Reputation: 1443
I'm trying to convert a series of scanned PDF into searchable PDF using the tesseract
and pdftools
packages. I've accomplished two steps. Now I need to write back to a searchable pdf.
eg <- download.file("https://www.fujitsu.com/global/Images/sv600_c_automatic.pdf", "example.pdf", mode = "wb")
results <- tesseract::ocr_data("example.pdf", engine = "eng")
R> results
# A tibble: 406 x 3
word confidence bbox
<chr> <dbl> <chr>
1 PFU 96.9 228,181,404,249
2 Business 96.2 459,180,847,249
3 report 96.2 895,182,1145,259
4 | 52.5 3980,215,3984,222
5 No.068 91.0 4439,163,4754,237
6 New 96.0 493,503,1005,687
7 customer's 94.6 1069,484,2231,683
8 development 96.5 2304,483,3714,732
9 di 90.4 767,763,1009,959
10 ing 96.3 1754,773,1786,807
# ... with 396 more rows
Alternatively, is there another package or command-line tool I can invoke in R for Windows?
Upvotes: 3
Views: 1074
Reputation: 2243
If you have the software ECopy installed on your computer (not a free software), you can use the following function to convert scanned pdfs to searchable pdfs:
ecopy_Scanned_PDF_To_Numeric_PDF <- function(directory_Scanned_PDF, directory_Numeric_PDF)
{
path_To_BatchConverter <- "C:/Program Files (x86)/Nuance/eCopy PDF Pro Office 6/BatchConverter.com"
args <- paste0("-I", directory_Scanned_PDF, "\\*.pdf -O", directory_Numeric_PDF, " -Tpdfs -Lfre -W -V1.5 -J -Ao")
system2(path_To_BatchConverter, args = args)
}
I use this function at my job and it works very well
Upvotes: 1
Reputation: 2243
Here is one approach based on the RDCOMClient R package. Basically, we convert the PDF to Word. In the process, Word uses an embedded OCR. Afterwards, with the Word software, we convert the Word document to a searchable PDF.
library(RDCOMClient)
download.file("https://www.fujitsu.com/global/Images/sv600_c_automatic.pdf", "example.pdf", mode = "wb")

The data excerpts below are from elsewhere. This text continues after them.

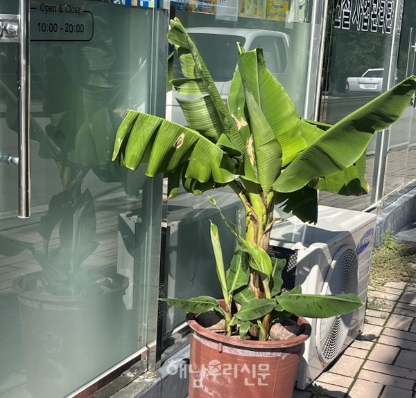 북평면 남창에 문을 연 필리핀 식품점 ‘페라플러스’ 앞에는 바나나 나무가 손님을 반긴다. 친구에게 개업축하 선물로 받은 게 가게와 어울리는 바나나 나무란다.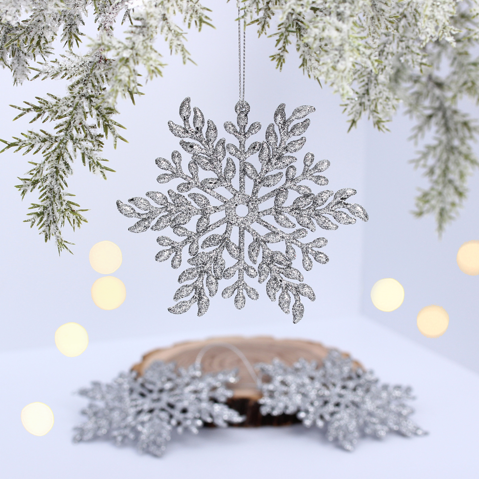 Каждая снежинка диаметром 11.5 см повторяет природную геометрию ледяных кристаллов. Благодаря плоской форме легко хранить после праздников — просто сложите стопкой в коробку. Глянцевая поверхность устойчива к выцветанию и сохраняет блеск в течение всего сезона.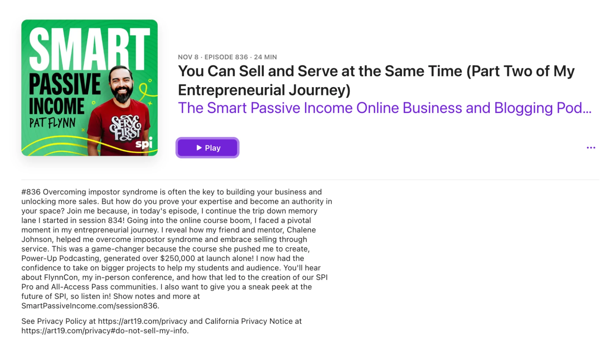 He provides tons of value in every episode while regularly mentioning the course in both the podcast content and the description.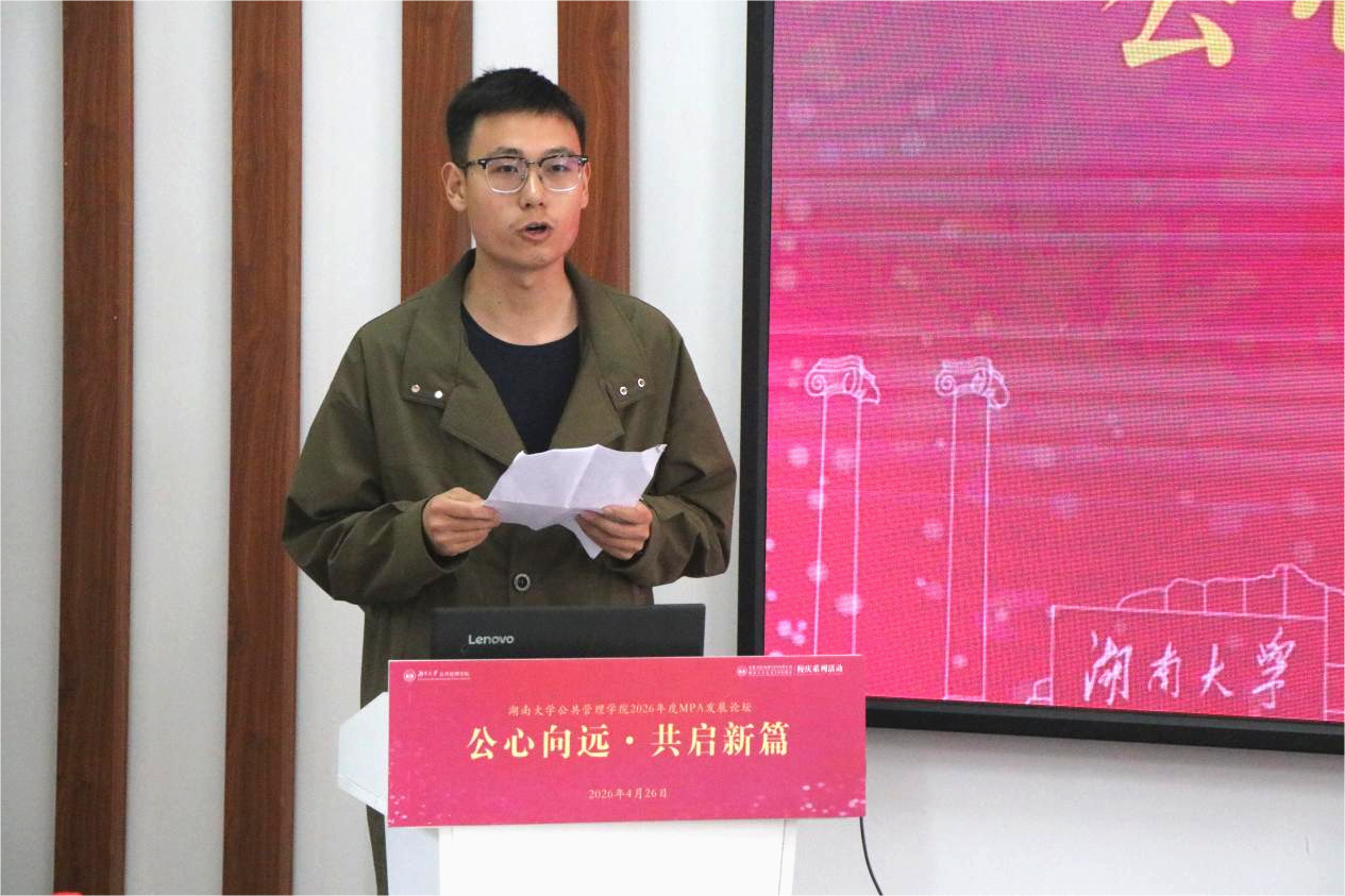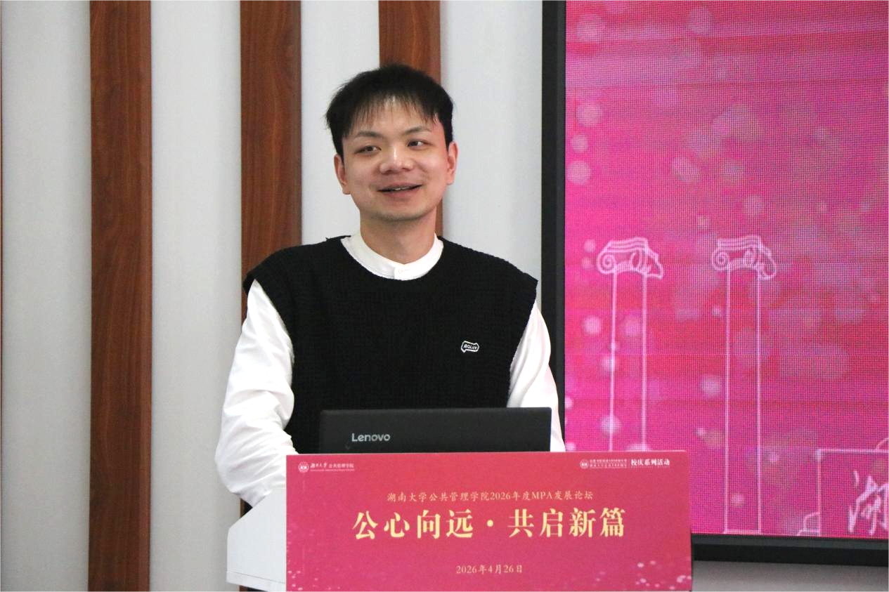 2025届MPA校友邓正宇带来题为《传承湖大文脉,做“解决问题”的公共管理人》的分享,从湖大文脉谈到公管人的使命与担当。

path_PDF <- "C:/example.pdf"
path_Word <- "C:/example.docx"
################################################################
#### Step 1 : Convert PDF to word document with OCR of Word ####
################################################################
wordApp <- COMCreate("Word.Application")
wordApp[["Visible"]] <- TRUE
wordApp[["DisplayAlerts"]] <- FALSE
doc <- wordApp[["Documents"]]$Open(normalizePath(path_PDF),
ConfirmConversions = FALSE)
doc$SaveAs2(path_Word)
doc_Selection <- wordApp$Selection()
##########################################################
#### Step 3 : Convert word document to searchable pdf ####
##########################################################
path_PDF_Searchable <- "C:/example_searchable.pdf"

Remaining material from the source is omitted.